With the pictures set aside, reproduce each entry precisely as it reads.

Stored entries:
== Segment start ==

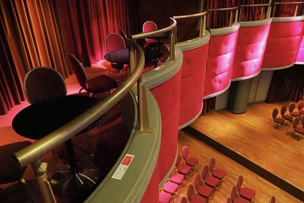 This offer includes tickets to view the performance from the BOX Room, featuring seats in the second-floor balcony area.
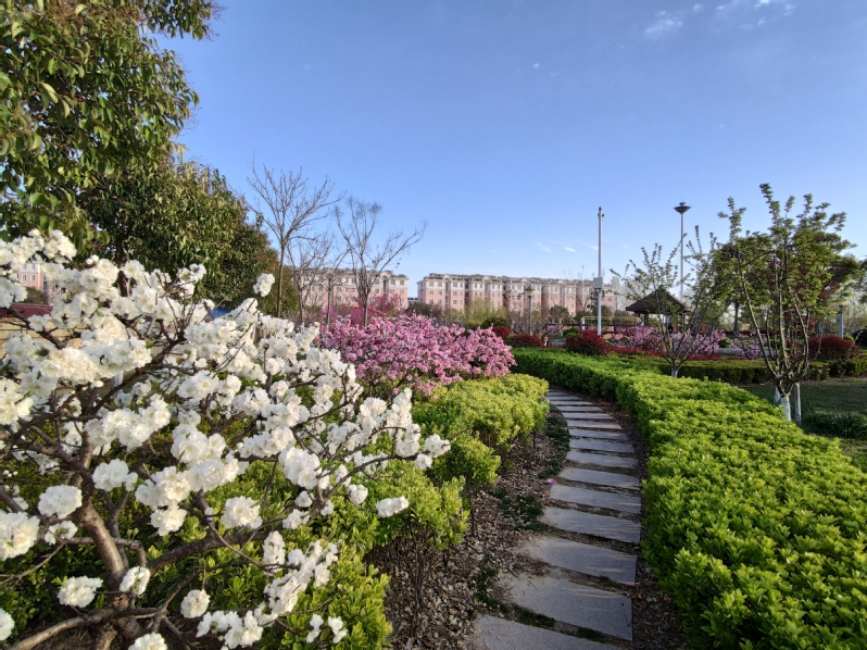 連日來,隨著疫情消散,氣溫回升,淮海公園內被鮮艷的花卉、翠綠的苗木等裝點一新,石楠的紅葉、桃紅色的桃花、乳白色的桃花、淡紫化的紫荊、淡黃色的垂柳、青綠的松柏、冬青的綠中泛黃等景色,輔助于公園內的長廊、石山、小橋、亭臺、河流等的點綴,讓農場社區的職工居民每天置身于色彩斑斕的花海中,既享受著多彩春天的魅力,又體味到生態綠色淮海給大家帶來的休閑氣息。
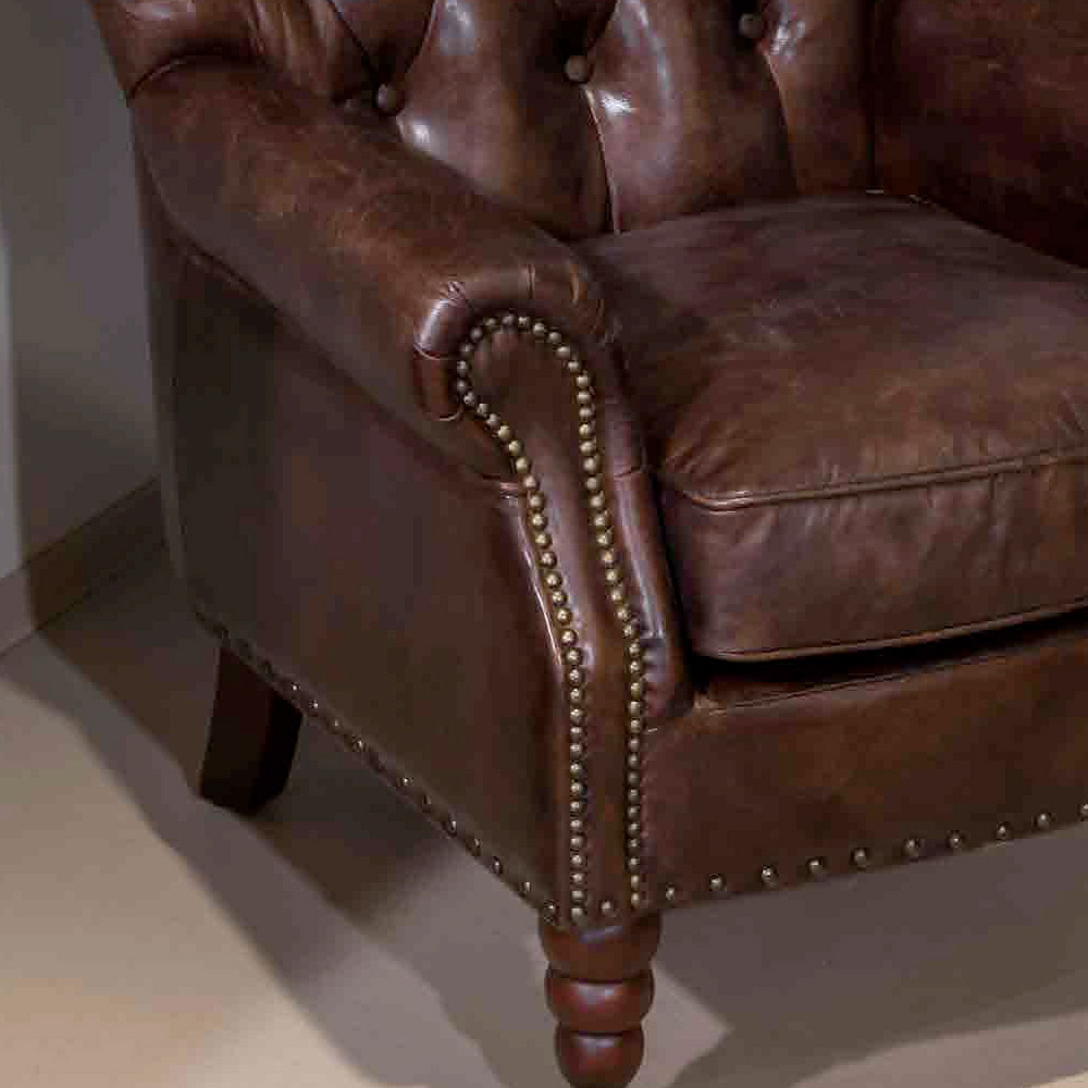 Sillón de Interior Totalmente Realizado en Piel Vintage Efecto Envejecido - Sello
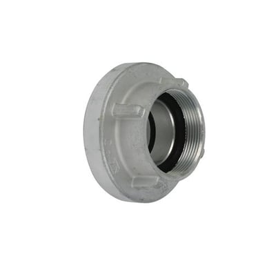 Storz kobling i aluminium med muffe og indvendigt rørgevind iht. ISO 228. DIN-koblingen adskiller sig fra "Industri koblingen" ved at have smedet knager/kroge og ikke støbte.
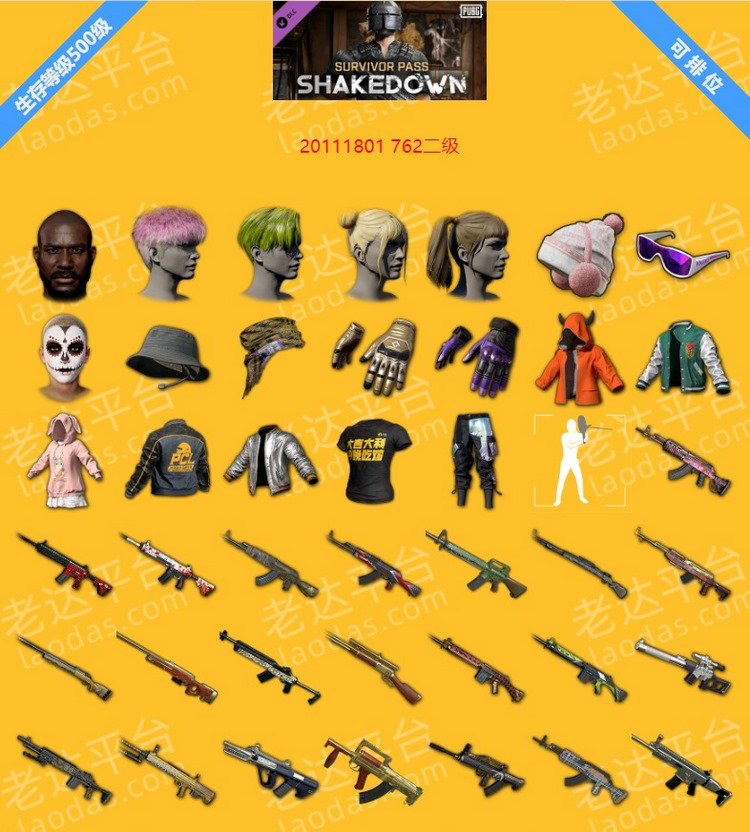- 762二级 粉头 黑鬼 绿头 双马尾 丸子头 滑雪套 渔夫帽 黄金手套 紫喵喵 PCL夹克 黑大 竞猜裤 500生存 绷带AK

== Segment end ==

• **Response**
 This offer includes tickets to view the performance from the BOX Room, featuring seats in the second-floor balcony area.
 連日來,隨著疫情消散,氣溫回升,淮海公園內被鮮艷的花卉、翠綠的苗木等裝點一新,石楠的紅葉、桃紅色的桃花、乳白色的桃花、淡紫化的紫荊、淡黃色的垂柳、青綠的松柏、冬青的綠中泛黃等景色,輔助于公園內的長廊、石山、小橋、亭臺、河流等的點綴,讓農場社區的職工居民每天置身于色彩斑斕的花海中,既享受著多彩春天的魅力,又體味到生態綠色淮海給大家帶來的休閑氣息。
 Sillón de Interior Totalmente Realizado en Piel Vintage Efecto Envejecido - Sello
 Storz kobling i aluminium med muffe og indvendigt rørgevind iht. ISO 228. DIN-koblingen adskiller sig fra "Industri koblingen" ved at have smedet knager/kroge og ikke støbte.
- 762二级 粉头 黑鬼 绿头 双马尾 丸子头 滑雪套 渔夫帽 黄金手套 紫喵喵 PCL夹克 黑大 竞猜裤 500生存 绷带AK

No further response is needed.